Implementing Transactional Identity Data rigorously often introduces telemetry volume and correlation overhead, requiring organisations to weigh stronger governance against the cost of normalising events across systems.

  • A payment service account authenticates once but executes thousands of read operations, helping reviewers confirm that its privilege set matches real usage patterns.
  • An AI agent retrieves a short-lived token, then invokes multiple tools in sequence; the transaction trail helps distinguish intended automation from unexpected lateral movement.
  • An API key stored in a CI/CD pipeline is used from an unusual region, and the transaction record supports faster containment than entitlement review alone.
  • A dormant service account shows no activity for 90 days, which supports deprovisioning after the team validates there is no production dependency. This aligns with the broader visibility and lifecycle issues described in the Ultimate Guide to NHIs.
  • A privileged action appears only during incident response, making transaction history essential for deciding whether the access was justified or abused, as seen in patterns discussed in the 52 NHI Breaches Analysis.

These use cases are especially relevant when mapped to event and identity assurance practices described in the NIST Cybersecurity Framework 2.0.

Why It Matters in NHI Security

Transactional Identity Data closes the gap between permission and proof. In NHI environments, excessive privilege is common, and activity evidence is often the only reliable way to see whether a service account, token, or agent is actually behaving as intended. It improves access review quality, supports incident triage, and reveals whether dormant identities can be removed without breaking production workflows.

This matters because the scale of the problem is routinely underestimated. NHI Management Group research shows that only 5.7% of organisations have full visibility into their service accounts, while 97% of NHIs carry excessive privileges. Transactional evidence is what turns that visibility problem into a manageable review process rather than a blind entitlement exercise. The Ultimate Guide to NHIs documents how often organisations lack operational insight, and that lack of insight is exactly where misuse hides.

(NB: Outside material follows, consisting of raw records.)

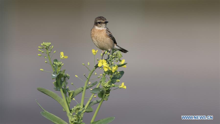 Un oiseau sur une fleur de colza au bourg de Shangjie du district de Minhou à Fuzhou, dans la province du Fujian (sud-est de la Chine), le 19 février 2019.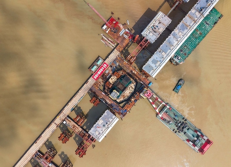 10月10日,浮吊船在珠江口吊裝萬(wàn)龍大橋主塔首節(jié)段鋼塔,這是主塔鋼塔柱與混凝土塔座的過(guò)渡關(guān)鍵結(jié)構(gòu)(無(wú)人機(jī)照片)。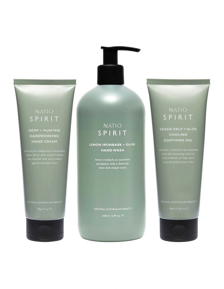 Formulated with nutrient-rich native Australian botanicals sourced across land and sea, this essential trio cleanses, nourishes and soothes deserving hands and skin naturally.Β

Organisations typically encounter this need only after a suspicious action, audit finding, or breach investigation, at which point Transactional Identity Data becomes operationally unavoidable to address.

Standards & Framework Alignment

This section maps relevant standards and security frameworks to the operational risks and controls described in this guidance.

OWASP Non-Human Identity Top 10 address the attack and risk surface, while NIST CSF 2.0 and NIST Zero Trust (SP 800-207) set the governance and control requirements practitioners need to meet.

Framework Control / Reference Relevance
OWASP Non-Human Identity Top 10 NHI-01 Activity evidence is central to understanding real NHI usage and privilege drift.
NIST CSF 2.0 DE.CM-1 Continuous monitoring depends on logs that show what identities actually do.
NIST Zero Trust (SP 800-207) Zero Trust relies on ongoing verification using behavioural evidence, not one-time approval.

Use transaction telemetry to re-evaluate trust and limit privilege based on observed activity.